(Items from a data source)
****
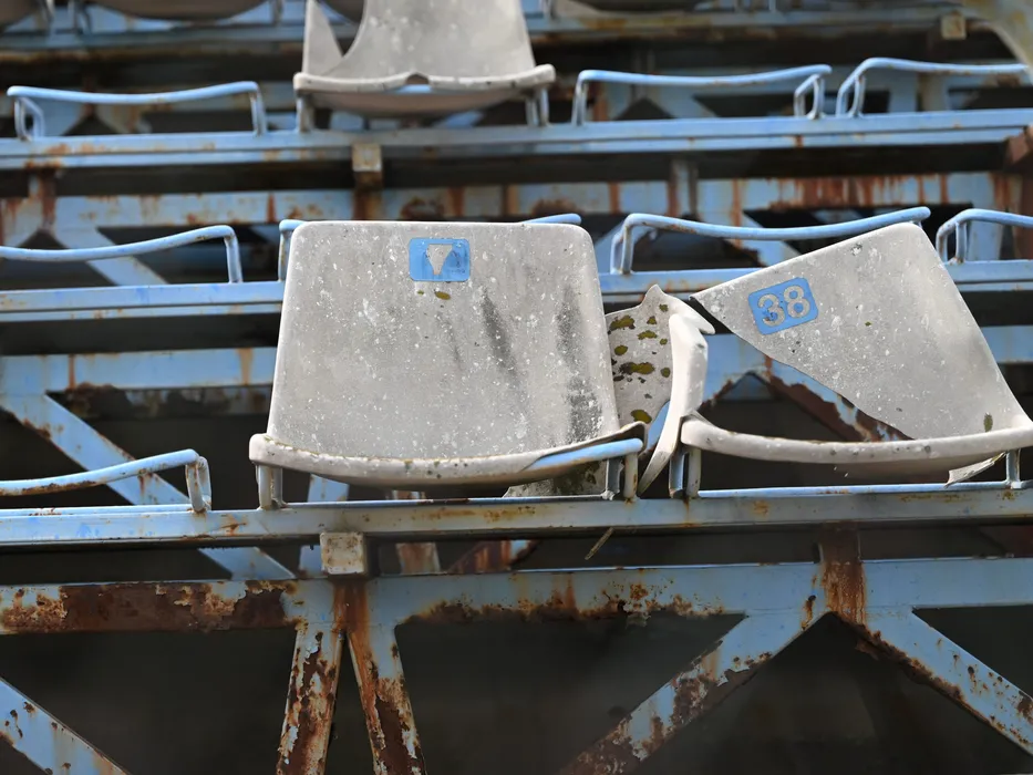 Tribuna degradata surpinsa la antrenamentul rugbystilor de la Lupii Bucuresti desfasurat pe Stadionul Cotroceni din Bucuresti, miercuri 25 septembrie 2024. © FOTO:Razvan Pasarica/SPORT PICTURES
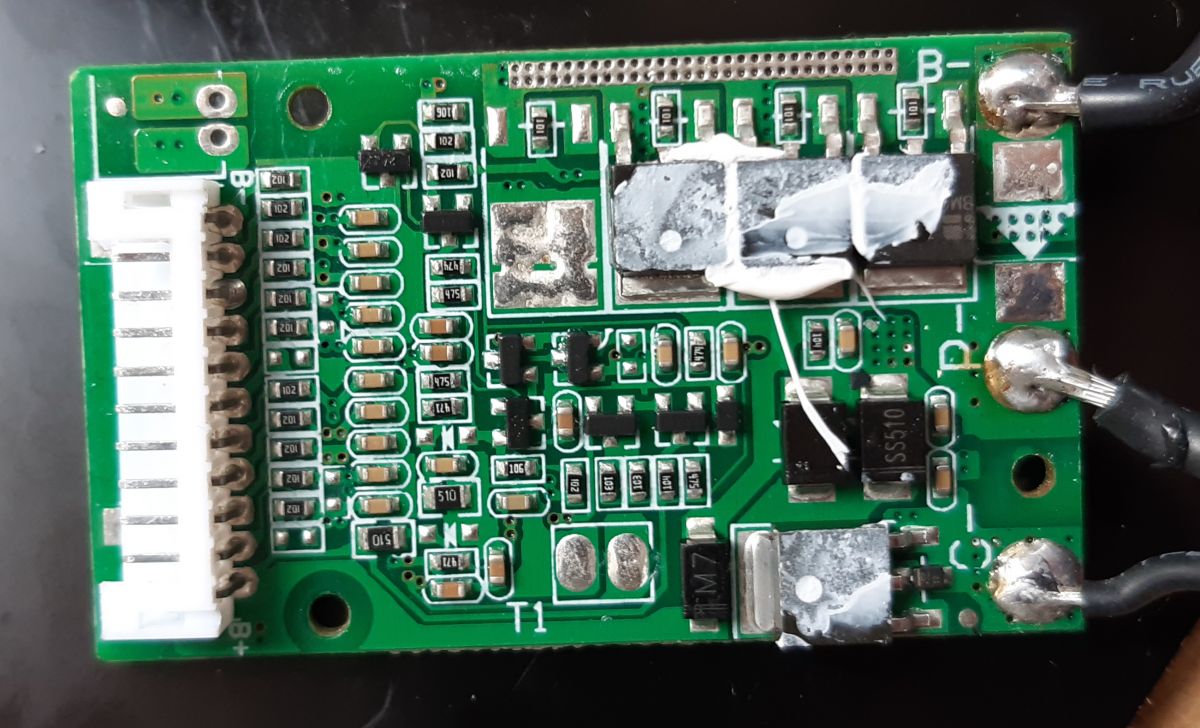 Baterię rozebrałem. Posiada w środku BMS. Przewody do baterii sprawdzone, nic nie odlutowało się, zgrzewy wizualnie poprawne., żadnej rdzy itp.
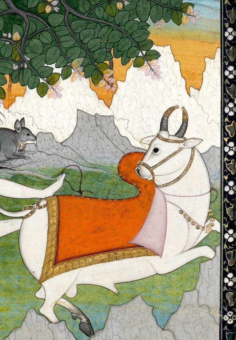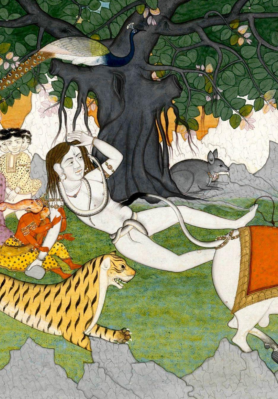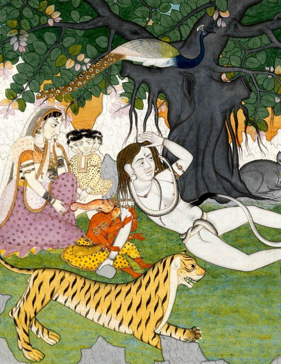 The present painting depicts Lord Shiva and his wife Parvati, as well as their two sons, Karttikeya (Skanda) and the elephant-headed Ganesha. Their respective vahanas (vehicles) are shown here as well–Parvati’s tiger, Karttikeya’s peacock, Ganesha’s rat, and Shiva’s sacred bull, Nandi. Shiva reclines against a banyan tree in a drunken stupor as the young Ganesha clutches at his arm. He is shown here in the nude except for two vine-like snakes that serve as his undergarments and necklace, mirroring the god’s characteristic matted locks and the aerial roots of the banyan tree above. In his right hand he holds a cup of Bhang, a traditional Indian beverage infused with cannabis–often associated with Shiva and his devotees–which is said to help Shiva focus inward, allowing him to harness his divine powers.
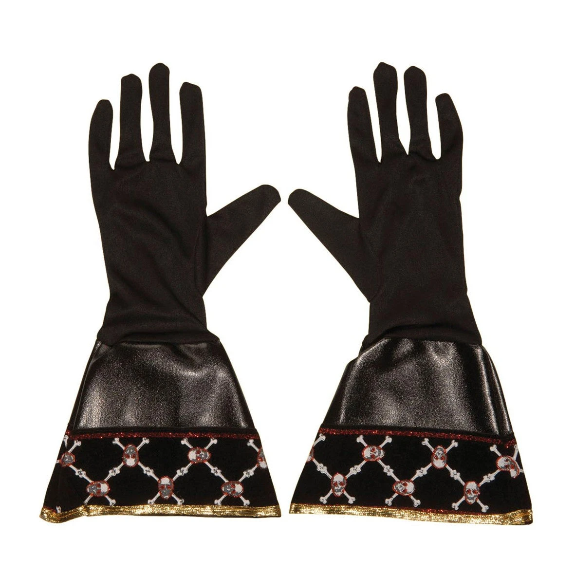 GUANTI PIRATA IN SIMILPELLE COLORE NERO, CON TESCHI PER DECORAZIONE IN GLITTER. DIM : LUNGH. CM 32 x LARGH. CM 16
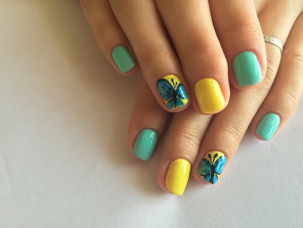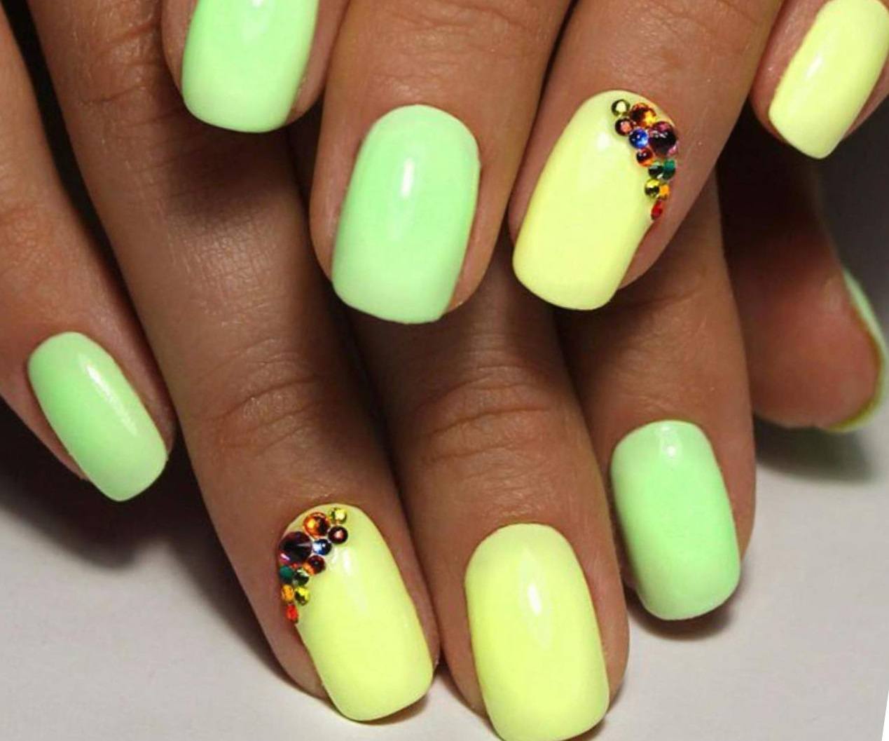 It is very important to take into account the combination of colors when creating a summer look, as the outfits for the warm season are bright and versatile. Harmony color palette used in the design of a manicure of several colors and the preparation of a common visual image. Lemon shades are perfectly combined with both cold and warm tones.
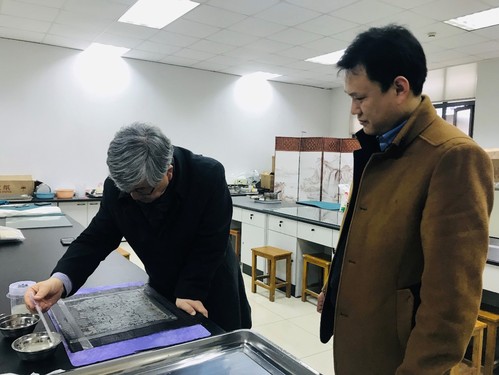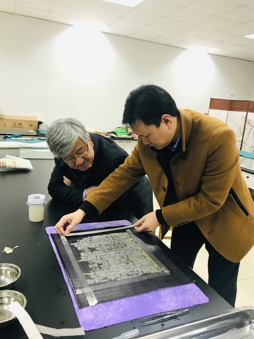 下午1:30,双方移步至档案与电子政务系实验室,毕建新老师现场展示了纸浆法修复技术并邀请Sam Gyun Oh教授亲手体验。Sam Gyun Oh教授对此表示出充分兴趣并给予高度评价。
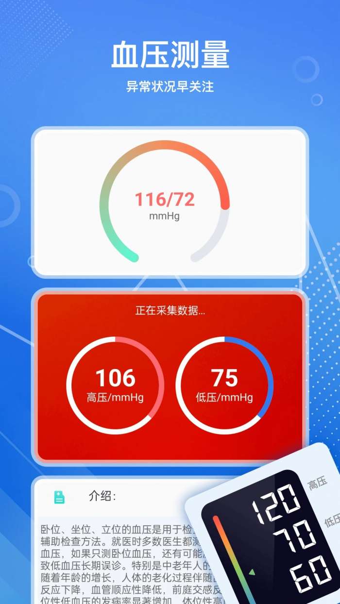 血压计是一款受欢迎的健康监测软件,拥有非常优秀的血压监测功能,可以智能监测用户的血压基本信息和数据,轻松了解查看,还具有全面的血压测量模式,随时让用户直接关注家人的身体健康,能完全满足所有使用需求,还具有简洁的界面设计,无需任何经验即可上手使用,随时随地自动监测血压数据,给用户带来全面的服务,还能实时更新各种健康新闻资讯,随时让用户搜索查询,有需求的用户欢迎下载软件吧。
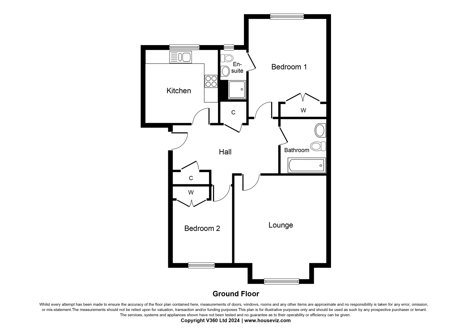 The property is entered through the secure entry system into well maintained close, inside there is a good-sized hall with two storage cupboards, the lounge is to the rear of the property with feature limestone fireplace and French doors giving an abundance of natural light. Quality fitted kitchen which houses an ample range of base and wall units with complementary worktops and splashbacks, gas hob with electric oven and extractor, integrated appliances including dishwasher and fridge freezer, plumbing for automatic washing machine. The main bedroom has its own en-suite shower room and fitted wardrobes, bedroom two also has fitted wardrobes. The bathroom is fully tiled and consists of three-piece suite including w.c, wash hand basin and bath with shower attachment.
****
• Task brief
Set the lines above down again, word for word, from the first through the one containing "Baterię rozebrałem. Posiada"; pictures excluded.

• Answer to this task
 Tribuna degradata surpinsa la antrenamentul rugbystilor de la Lupii Bucuresti desfasurat pe Stadionul Cotroceni din Bucuresti, miercuri 25 septembrie 2024. © FOTO:Razvan Pasarica/SPORT PICTURES
 Baterię rozebrałem. Posiada w środku BMS. Przewody do baterii sprawdzone, nic nie odlutowało się, zgrzewy wizualnie poprawne., żadnej rdzy itp.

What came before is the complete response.